On the way back to the Centre we stopped briefly at Udale Bay, a large expanse of sand and salt marsh on the Cromarty Firth where the RSPB has a reserve and hide. We had grey heron, wigeon, shelduck (with ducklings), curlew, and common gulls. Both in the morning and in the afternoon we had several sightings of red kite while driving across the Black Isle.

Next day we were off to visit another of the local glens, this time Strath Conon. At the first stop a red-breasted merganser with ducklings were seen on the river and a common buzzard soaring over the hills. Red deer are a speciality of the area, as most of the estates are hunting estates, so it was amazing to see so many of them in the fields by the side of the road like herds of cows. Difficult to believe that they were fully wild animals. Apparently the estates now feed the deer in wintertime, which is great for the deer but not so good for the local golden eagles since that means fewer carcases to scavenge on when times are hard. Further up the glen we stopped near the site of a golden eagle eyrie, where we had coffee while waiting. Before long we had spotted a golden eagle as it drifted along the ridge on the other side of the glen. It was being intermittently mobbed by a pair of ravens, which was useful since they provided a sense of scale. Although we saw no activity at the eyrie, other groups had seen eagles there in previous weeks.

Lunch was taken in the car park at the end of the road then we had a walk along the path by a loch. We had meadow pipit, pied wagtail, wood pigeon, sand martin, common sandpiper and oystercatcher. A lucky few managed to find a cuckoo. On the drive back down the glen we saw pheasant and a red-legged partridge that tried to commit suicide by flinging itself in front of the bus. These are not native locally but are bred and released on the estates for shooting. We stopped near Strathpeffer then went for a walk round a small loch known to hold slavonian grebes. There were 5 or 6 out on the loch and an enormous raft of male tufted ducks as well as little grebe and mute swan. While on the walk we had common buzzard, spotted flycatcher and some nice views of yellowhammer.


Wednesday was a free day. In the morning we took an optional ranger-guided walk down to the River Glass for some lessons on field craft. We visited an abandoned badger set and looked for signs of otter by the river, finding a few spraints. Later in the morning we had an opportunity to see the wild cats. One of the pairs had a kitten that gave the ranger a hard time, hissing and snarling. Focussing through the chicken wire of the enclosure was a photographer’s nightmare. We later spent some time in the forest bird hides. Jays were seen in the forest beyond but never came in to the feeders. The same was not true of the great spotted woodpeckers, which came really close in.

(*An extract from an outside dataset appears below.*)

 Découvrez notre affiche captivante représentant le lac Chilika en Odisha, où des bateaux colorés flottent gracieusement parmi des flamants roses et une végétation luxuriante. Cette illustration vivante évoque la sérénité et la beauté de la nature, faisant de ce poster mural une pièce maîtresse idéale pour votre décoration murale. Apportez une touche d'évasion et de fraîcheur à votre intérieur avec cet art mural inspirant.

That evening was our opportunity to visit the quarry hide, the best one for pine martens. Earlier in the week other groups had been successful within minutes, having views of several martens including a female and young. On arrival the ranger baited the viewing area with a disgusting-looking mixture of peanuts in strawberry jam and we sat back and waited… and waited. By the end of our allotted time at 10pm all we had seen were a couple of chaffinches. The ranger suggested we give it another 10 minutes. At exactly 10.12pm (according to the time stamp on the first photo) a pine marten ran across in front of the hide and took the bait. Unfortunately for me the light was fading fast by now so I struggled to get a fast enough shutter speed to freeze the action. Flash was not an option since we were behind glass windows. The pine marten searched around the branches and under the boulders where the bait was hidden for 10 minutes or so before disappearing off into the gloom. Not as good as I had hoped for but still good to see a pine marten for the first time. Badgers visit this hide as well but camera traps showed that they never appeared before midnight. An otter was caught on camera there one night.

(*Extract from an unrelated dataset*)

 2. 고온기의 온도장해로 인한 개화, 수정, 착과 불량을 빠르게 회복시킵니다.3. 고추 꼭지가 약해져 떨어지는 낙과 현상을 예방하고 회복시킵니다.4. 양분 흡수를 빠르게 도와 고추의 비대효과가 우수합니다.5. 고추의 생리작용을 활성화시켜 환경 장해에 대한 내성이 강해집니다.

Thursday was our long day out to the west coast at Wester Ross. First there was a brief stop at Rogie Falls where we witnessed some salmon leaping and a grey wagtail by the falls. We then stopped at Dundonnel to scan over the salt marsh and Little Loch Broom. We found ringed plover and oystercatcher on the marsh and red-throated diver on the loch. Further round at Gruinard bay were red-breasted merganser, eider, shag, black guillemot, and common sandpiper. Many common seals had hauled themselves out of the water and were balanced precariously on rocks. After lunch we walked along the lovely sandy beach at Mellon Udrigle; the sea here is a beautiful turquoise colour typical of many areas of the west coast. We had dunlin, redshank, curlew, ringed plover, rock pipit, meadow pipit, wheatear, stonechat, starling, and hooded crow. Gannets could be seen flying past out at sea. On the return journey we stopped by the shore of Loch Maree for afternoon tea, a lovely peaceful spot.

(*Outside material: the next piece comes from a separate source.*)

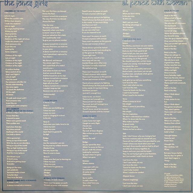 そして続くドラマチックなB2「When I'm Gone」は、Pete Rockが「Standard」でサンプリング!Stylisticsのカバーとなるメロウソウル「Children Of The Night」、しっとりとしたアーバンスムースダンサーA2「Let's Celebrate (Sittin' On Top Of The World)」、Yvette Michele「Crazy」で使われたグルーヴィーソウルA3「Dance Turned Into A Romance」を収録した最高の1枚

The last full day at Aigas was the only one when we were up early, out at 5am for an optional pre-breakfast otter hunt. We started off below the dam at the hydroelectric power station on the River Glass but without success. So we drove up to the Black Isle and stopped below the Kessock Bridge. Immediately we found a large dog otter foraging just a few yards offshore. On the return journey we followed the Beauly Firth north shore and found several whimbrel on the mudflats and a truly enormous gaggle (several hundred) of Canada geese.

The day’s field trip was spent on the coast of Easter Ross and Sutherland. First stop was at the hide at RSPB Nigg Bay reserve. Being mid-summer it was fairly quiet but we did see lapwing, oystercatcher, shelduck, grey heron, skylark, meadow pipit and hooded crow. On the way back to the bus we enjoyed excellent views of a common buzzard sat in a tree. We then drove north over the Dornoch Firth to Golspie to visit Loch Fleet where we had a pleasant walk though the forest to the hide on the northern side. This was a convenient spot for lunch as we watched the birds – oystercatcher, cormorant, curlew, herring gull, great black-backed gull, eider, hooded crow and swifts. Harbour seals could be seen hauled out on a sandbar in the distance.

Retracing our journey round Loch Fleet we stopped at an area known as The Mound, where there is a fresh water pool on one side of the road and sea loch on the other. We could see an osprey eyrie in the distance but unfortunately no bird. The freshwater pool held a lot of birds, including red-breasted merganser with ducklings and lots of waders such as curlew, godwits and greenshank. As we carried on to the south side of Loch Fleet we now had much better views of eider and red-breasted merganser, and the seals on the sandbar.

Speaking to the other guests revealed that they had been successful finding a lot more wildlife during the week. Brown hares had been seen hopping round the grounds in the morning, red squirrels were occasionally seen raiding the feeders, crossbills and crested tits were seen in the forest, and blackcaps in the garden. One guest claimed to have seen a green woodpecker. Some guests had seen pine martins at the forest hide and the other group had a brief sighting of white-tailed eagle on their west coast trip. As usual with birdwatching it was a case of having some luck and being in the right place at the right time. On Saturday morning we had breakfast, said our goodbyes and set off on the long drive home.